For a second, the crush I’d harbored since we were children flared up, a traitorous warmth in my chest.
"You think I'm the enemy," Ronan whispered, his eyes searching for mine.
"But the world outside these borders is a lot darker than this pack, Bellatrix. You’re training for a war you don't understand. Which is why sometimes, you are supposed to lay low and be weak"
"I understand betrayal," I said, my voice trembling. "I understand being treated like garbage by the people who are supposed to love me. That’s enough of a war for now."
Ronan reached out, his fingers hovering just inches from my cheek, his expression unreadable. For a heartbeat, I thought he might actually touch me. I thought the Alpha might finally see the girl behind the Beta.
But then, the sound of a distant whistle broke the moment.
"Ronan!
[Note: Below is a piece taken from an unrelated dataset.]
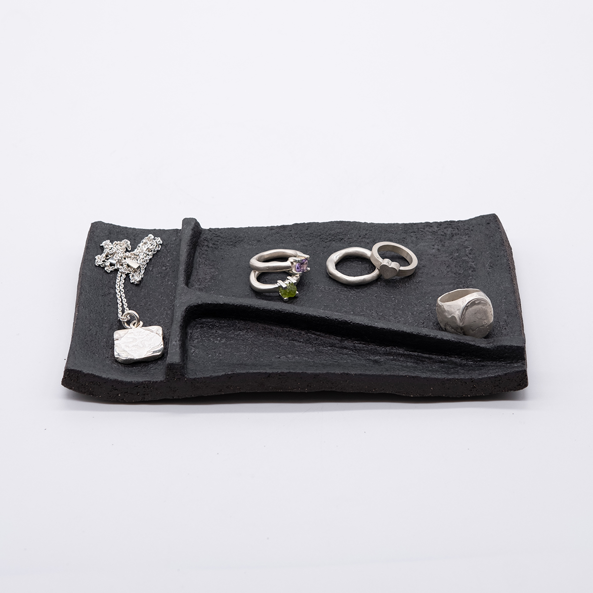 Эта тарелка вырезана вручную из цельного блока глины. Тарелка покрыта глазурью и может быть использована для еды, а также для хранения украшений и аксессуаров.

Where are you?" Clara’s voice drifted through the trees, sweet and demanding.
The softness in Ronan’s face vanished instantly. He pulled his hand back, the mask of the arrogant Alpha slamming back into place. "You should get home, Bellatrix. The forest isn't safe for a girl alone. Especially one who doesn't know her place."
He turned and walked away, disappearing into the shadows without a backward glance.
I stood there in the silence, the cold air biting at my damp skin. I picked up one of my stones and gripped it so hard the edges cut into my palm.
"My place," I whispered to the empty clearing. "Just wait, Ronan. I’m going to build a place you can’t even imagine."